| THE TASK |
The line containing "1号液体楼、1号综合制剂楼、" and every line after it, through the end of the records below, are to be reproduced exactly, with the pictures left out.

| SOURCE INFORMATION |
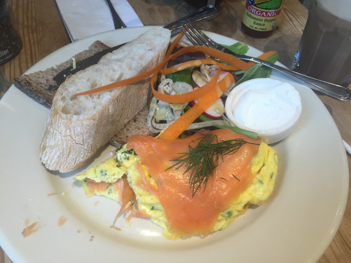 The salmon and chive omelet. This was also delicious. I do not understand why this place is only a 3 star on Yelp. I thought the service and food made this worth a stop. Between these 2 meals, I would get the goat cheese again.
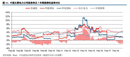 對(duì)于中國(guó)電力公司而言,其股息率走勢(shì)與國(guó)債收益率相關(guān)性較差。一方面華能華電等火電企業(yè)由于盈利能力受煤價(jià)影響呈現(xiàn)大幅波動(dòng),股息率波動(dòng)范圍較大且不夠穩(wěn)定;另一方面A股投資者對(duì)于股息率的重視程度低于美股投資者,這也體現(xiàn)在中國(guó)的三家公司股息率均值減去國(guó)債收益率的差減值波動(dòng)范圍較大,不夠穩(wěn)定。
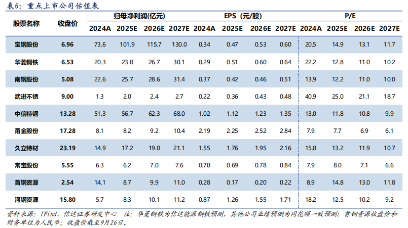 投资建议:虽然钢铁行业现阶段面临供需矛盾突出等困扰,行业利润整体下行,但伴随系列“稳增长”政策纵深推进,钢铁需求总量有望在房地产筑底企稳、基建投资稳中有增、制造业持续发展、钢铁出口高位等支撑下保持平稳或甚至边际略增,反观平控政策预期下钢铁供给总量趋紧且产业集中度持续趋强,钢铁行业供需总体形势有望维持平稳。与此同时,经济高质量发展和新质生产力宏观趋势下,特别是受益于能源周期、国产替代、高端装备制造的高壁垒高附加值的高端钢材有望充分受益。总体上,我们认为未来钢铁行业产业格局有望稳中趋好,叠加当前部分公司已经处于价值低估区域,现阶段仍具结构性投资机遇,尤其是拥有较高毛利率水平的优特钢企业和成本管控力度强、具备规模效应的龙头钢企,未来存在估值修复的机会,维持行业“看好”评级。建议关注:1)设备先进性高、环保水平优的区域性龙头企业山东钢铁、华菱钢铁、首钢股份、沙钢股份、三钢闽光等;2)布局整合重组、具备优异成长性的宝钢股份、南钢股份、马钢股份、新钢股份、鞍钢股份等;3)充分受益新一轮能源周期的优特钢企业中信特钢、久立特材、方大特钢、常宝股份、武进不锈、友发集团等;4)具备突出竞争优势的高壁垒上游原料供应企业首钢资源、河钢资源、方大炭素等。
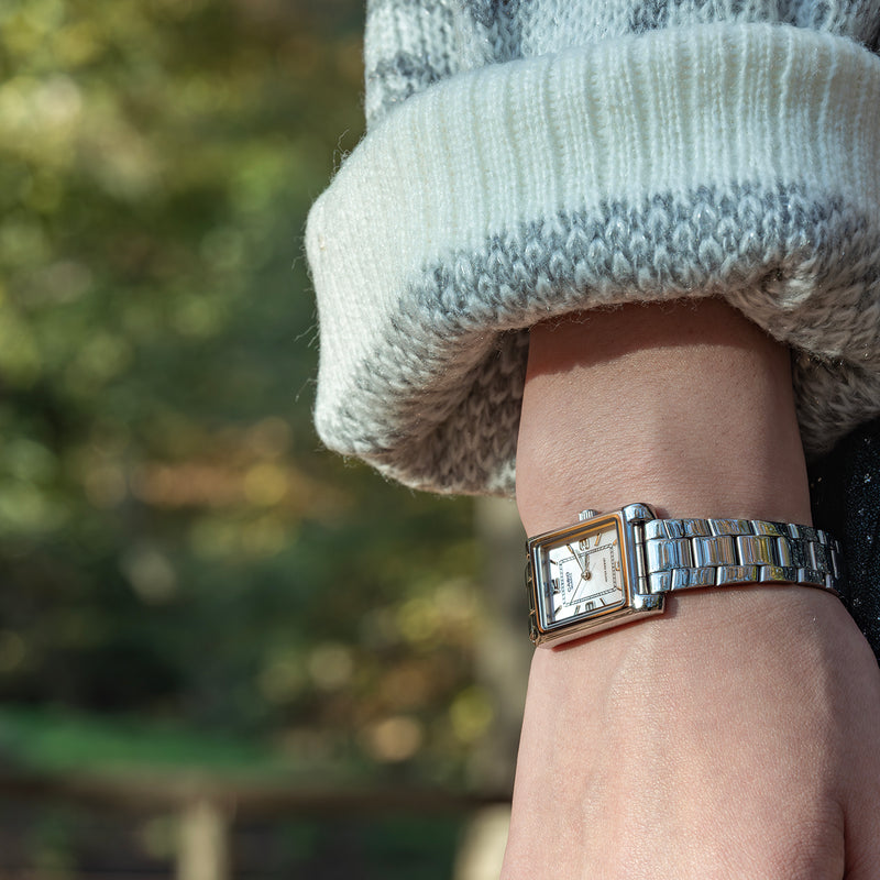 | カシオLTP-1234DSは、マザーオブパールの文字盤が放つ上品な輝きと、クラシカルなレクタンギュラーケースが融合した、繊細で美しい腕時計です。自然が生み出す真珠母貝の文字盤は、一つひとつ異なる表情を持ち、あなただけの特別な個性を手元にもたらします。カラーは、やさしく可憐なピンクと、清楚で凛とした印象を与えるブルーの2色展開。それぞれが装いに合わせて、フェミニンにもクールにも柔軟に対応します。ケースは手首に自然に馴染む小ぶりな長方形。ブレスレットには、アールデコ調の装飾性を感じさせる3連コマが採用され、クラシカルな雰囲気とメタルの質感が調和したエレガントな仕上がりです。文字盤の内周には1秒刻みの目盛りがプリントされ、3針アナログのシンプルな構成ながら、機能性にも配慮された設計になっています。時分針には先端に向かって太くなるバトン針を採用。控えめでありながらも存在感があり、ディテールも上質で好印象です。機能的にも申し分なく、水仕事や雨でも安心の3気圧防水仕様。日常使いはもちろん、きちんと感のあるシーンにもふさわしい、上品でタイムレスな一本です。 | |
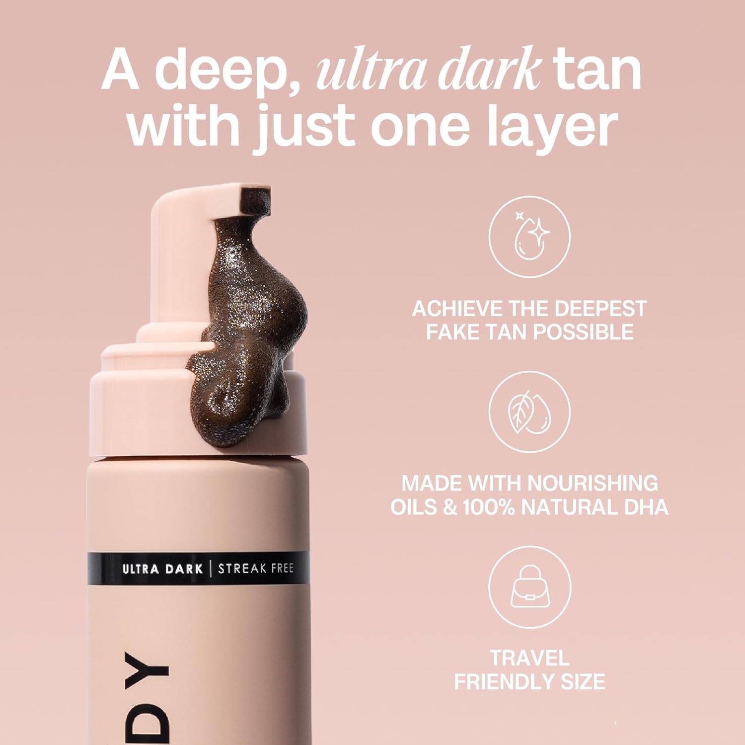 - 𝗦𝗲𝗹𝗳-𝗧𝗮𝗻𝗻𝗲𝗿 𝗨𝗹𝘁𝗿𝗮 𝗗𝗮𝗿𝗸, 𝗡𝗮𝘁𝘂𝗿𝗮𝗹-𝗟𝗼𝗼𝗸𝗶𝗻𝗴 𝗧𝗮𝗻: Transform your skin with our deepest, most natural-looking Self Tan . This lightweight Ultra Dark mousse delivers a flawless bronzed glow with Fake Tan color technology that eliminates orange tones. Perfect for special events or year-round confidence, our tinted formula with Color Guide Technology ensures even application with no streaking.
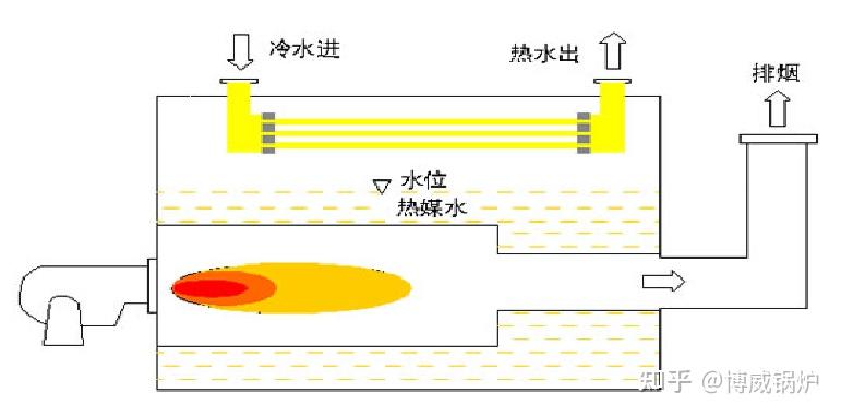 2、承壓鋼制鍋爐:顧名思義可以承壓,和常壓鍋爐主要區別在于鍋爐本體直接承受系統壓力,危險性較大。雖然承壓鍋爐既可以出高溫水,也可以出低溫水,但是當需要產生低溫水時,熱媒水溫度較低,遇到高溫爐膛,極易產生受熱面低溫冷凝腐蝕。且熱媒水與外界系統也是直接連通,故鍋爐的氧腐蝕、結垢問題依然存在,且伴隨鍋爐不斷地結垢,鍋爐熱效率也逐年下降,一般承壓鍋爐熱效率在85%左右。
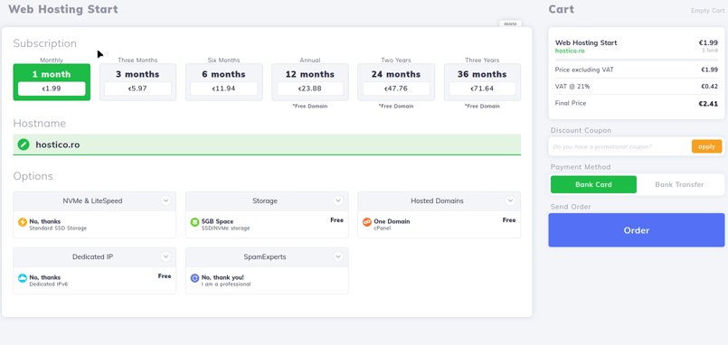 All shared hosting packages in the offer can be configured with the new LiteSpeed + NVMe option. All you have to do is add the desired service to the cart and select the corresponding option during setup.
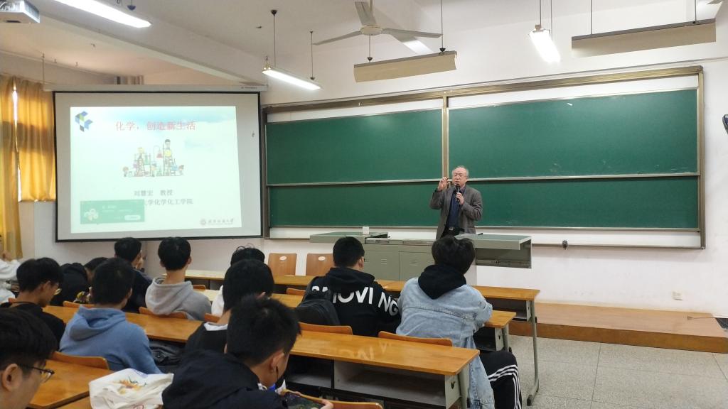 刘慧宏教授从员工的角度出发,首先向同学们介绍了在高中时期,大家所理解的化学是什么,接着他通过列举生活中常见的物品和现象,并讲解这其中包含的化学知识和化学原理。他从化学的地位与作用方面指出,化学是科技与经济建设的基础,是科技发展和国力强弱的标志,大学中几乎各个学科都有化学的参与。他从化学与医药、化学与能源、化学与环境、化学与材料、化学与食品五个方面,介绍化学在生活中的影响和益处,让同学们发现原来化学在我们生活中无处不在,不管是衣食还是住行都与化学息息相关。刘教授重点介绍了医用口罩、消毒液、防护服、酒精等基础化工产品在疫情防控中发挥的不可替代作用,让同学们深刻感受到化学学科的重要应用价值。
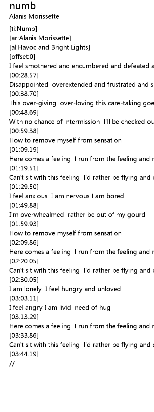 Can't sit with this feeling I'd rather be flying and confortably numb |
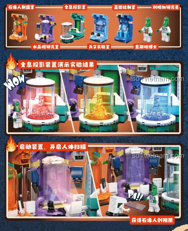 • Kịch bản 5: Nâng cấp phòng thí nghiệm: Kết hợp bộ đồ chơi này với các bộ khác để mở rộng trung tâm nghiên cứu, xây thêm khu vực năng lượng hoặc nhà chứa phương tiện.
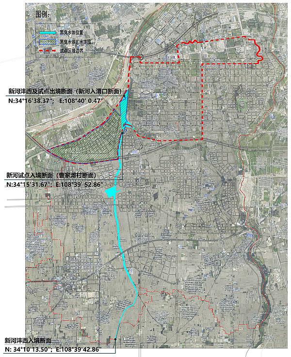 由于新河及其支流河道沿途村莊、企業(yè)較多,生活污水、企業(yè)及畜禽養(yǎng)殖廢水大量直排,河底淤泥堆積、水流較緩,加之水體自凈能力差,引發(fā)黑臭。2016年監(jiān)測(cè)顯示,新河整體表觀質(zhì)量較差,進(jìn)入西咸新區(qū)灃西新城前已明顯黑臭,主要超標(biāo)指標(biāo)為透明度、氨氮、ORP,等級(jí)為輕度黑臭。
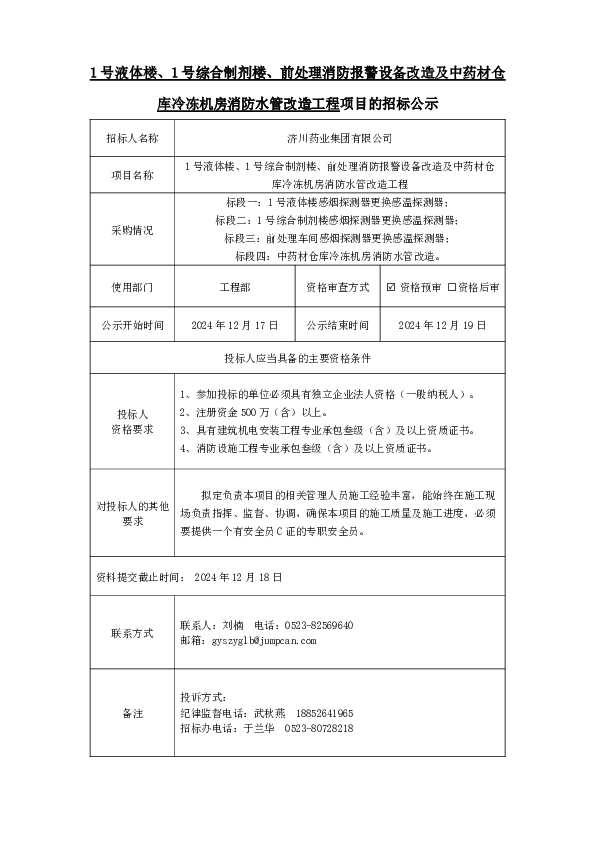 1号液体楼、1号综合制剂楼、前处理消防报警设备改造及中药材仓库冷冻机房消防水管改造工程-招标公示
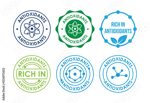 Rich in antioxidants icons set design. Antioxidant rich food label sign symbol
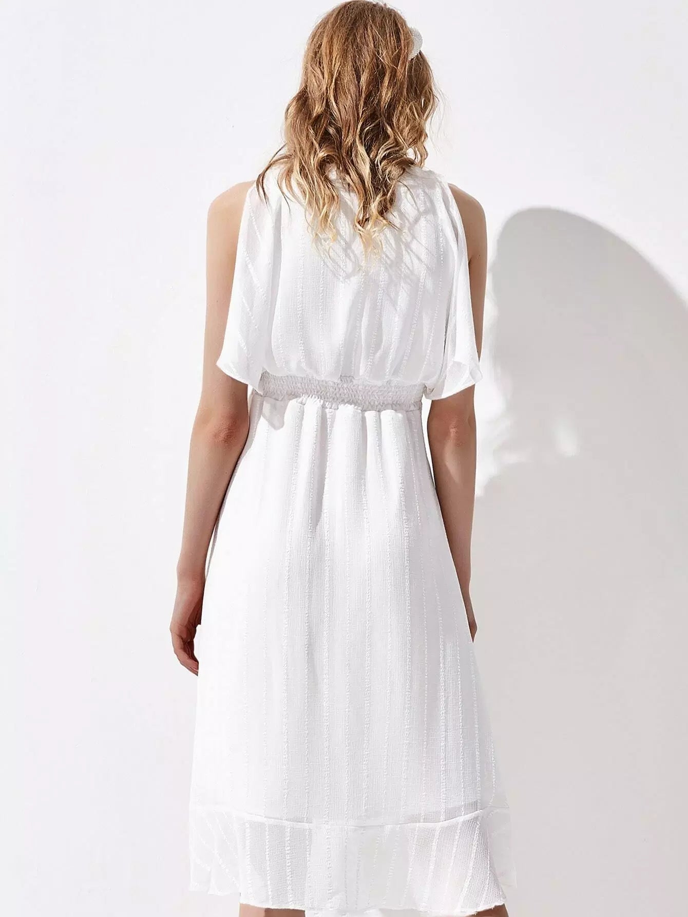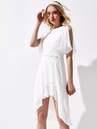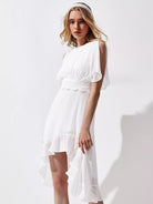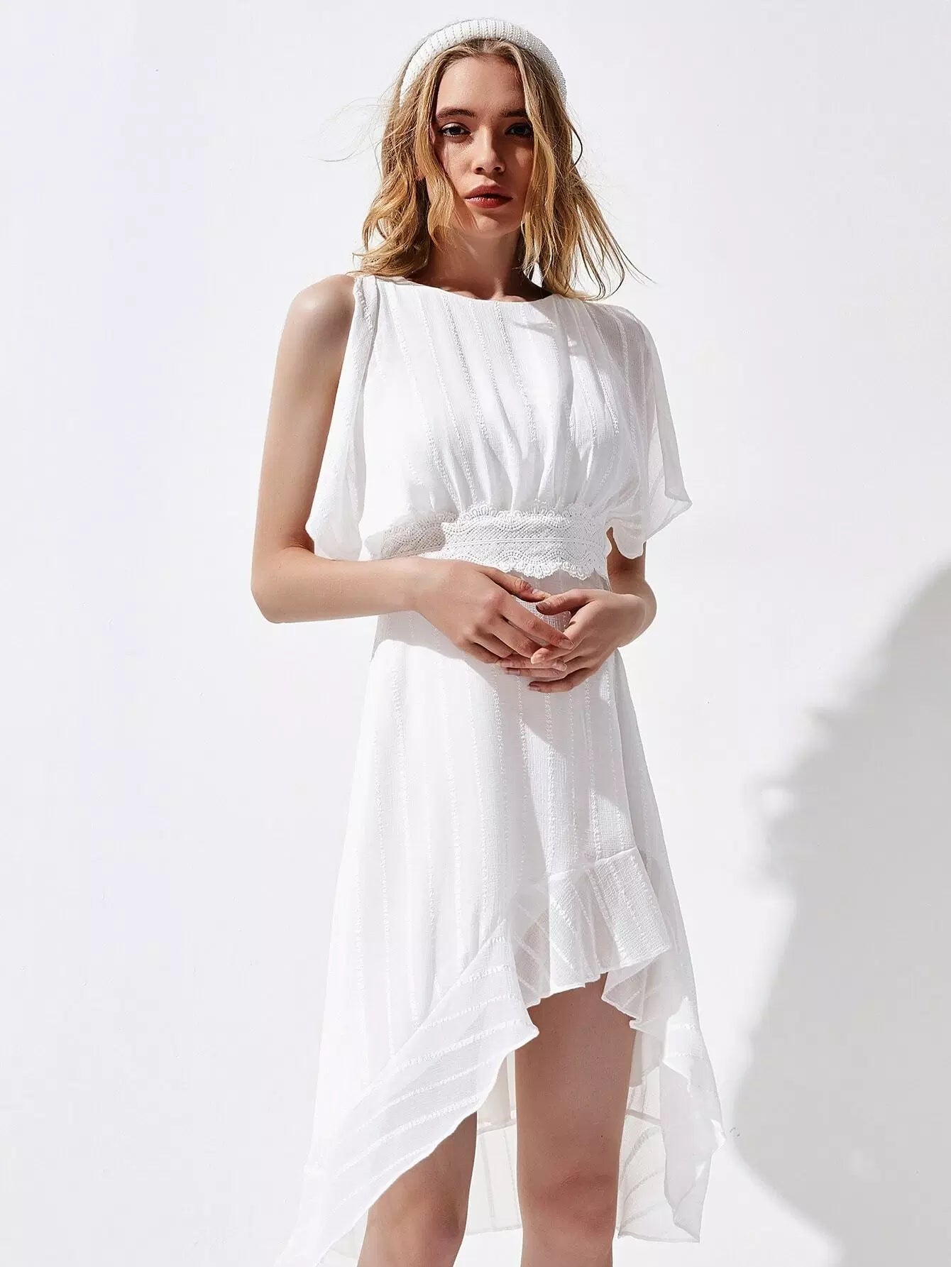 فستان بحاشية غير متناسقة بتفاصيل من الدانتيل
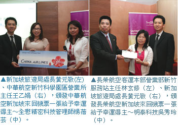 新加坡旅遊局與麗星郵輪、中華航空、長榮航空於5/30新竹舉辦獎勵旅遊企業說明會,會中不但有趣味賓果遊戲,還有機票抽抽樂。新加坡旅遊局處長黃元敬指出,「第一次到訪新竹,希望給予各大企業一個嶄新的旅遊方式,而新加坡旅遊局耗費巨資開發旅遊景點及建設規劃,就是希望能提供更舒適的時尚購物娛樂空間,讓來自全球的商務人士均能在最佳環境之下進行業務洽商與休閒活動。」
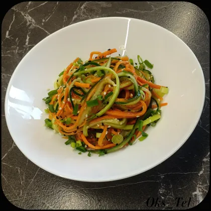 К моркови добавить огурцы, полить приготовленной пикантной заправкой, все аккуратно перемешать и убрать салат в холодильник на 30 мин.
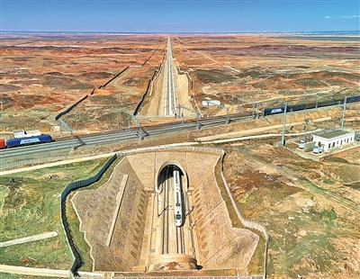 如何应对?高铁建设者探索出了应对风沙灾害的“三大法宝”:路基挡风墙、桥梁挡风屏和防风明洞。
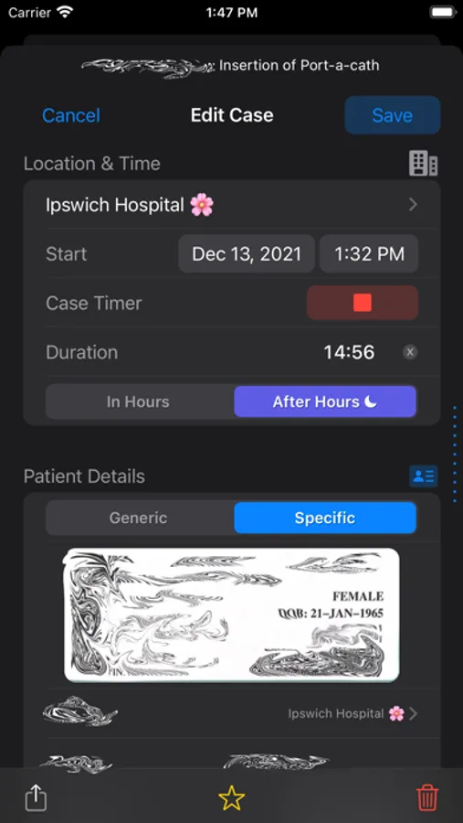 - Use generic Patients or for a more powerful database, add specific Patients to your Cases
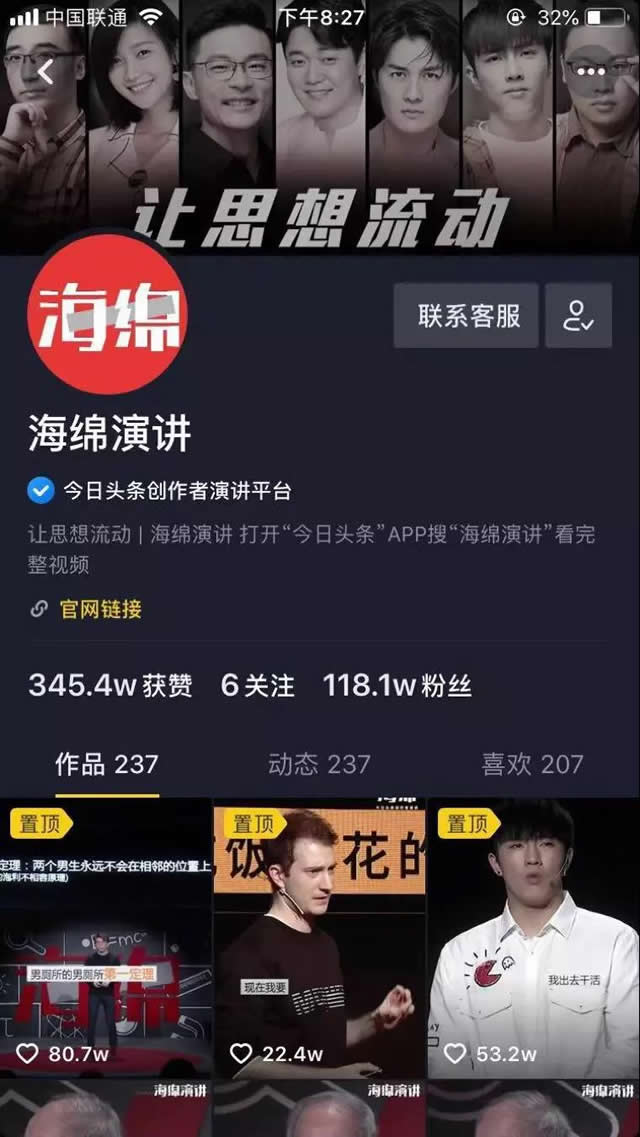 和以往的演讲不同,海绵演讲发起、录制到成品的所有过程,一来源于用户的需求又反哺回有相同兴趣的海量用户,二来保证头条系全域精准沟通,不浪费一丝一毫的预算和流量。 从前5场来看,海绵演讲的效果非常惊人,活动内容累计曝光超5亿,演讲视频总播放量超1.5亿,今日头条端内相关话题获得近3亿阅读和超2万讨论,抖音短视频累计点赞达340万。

| SOLUTION FOR THIS PROBLEM |
 1号液体楼、1号综合制剂楼、前处理消防报警设备改造及中药材仓库冷冻机房消防水管改造工程-招标公示
 Rich in antioxidants icons set design. Antioxidant rich food label sign symbol
 فستان بحاشية غير متناسقة بتفاصيل من الدانتيل
 新加坡旅遊局與麗星郵輪、中華航空、長榮航空於5/30新竹舉辦獎勵旅遊企業說明會,會中不但有趣味賓果遊戲,還有機票抽抽樂。新加坡旅遊局處長黃元敬指出,「第一次到訪新竹,希望給予各大企業一個嶄新的旅遊方式,而新加坡旅遊局耗費巨資開發旅遊景點及建設規劃,就是希望能提供更舒適的時尚購物娛樂空間,讓來自全球的商務人士均能在最佳環境之下進行業務洽商與休閒活動。」
 К моркови добавить огурцы, полить приготовленной пикантной заправкой, все аккуратно перемешать и убрать салат в холодильник на 30 мин.
 如何应对?高铁建设者探索出了应对风沙灾害的“三大法宝”:路基挡风墙、桥梁挡风屏和防风明洞。
 - Use generic Patients or for a more powerful database, add specific Patients to your Cases
 和以往的演讲不同,海绵演讲发起、录制到成品的所有过程,一来源于用户的需求又反哺回有相同兴趣的海量用户,二来保证头条系全域精准沟通,不浪费一丝一毫的预算和流量。 从前5场来看,海绵演讲的效果非常惊人,活动内容累计曝光超5亿,演讲视频总播放量超1.5亿,今日头条端内相关话题获得近3亿阅读和超2万讨论,抖音短视频累计点赞达340万。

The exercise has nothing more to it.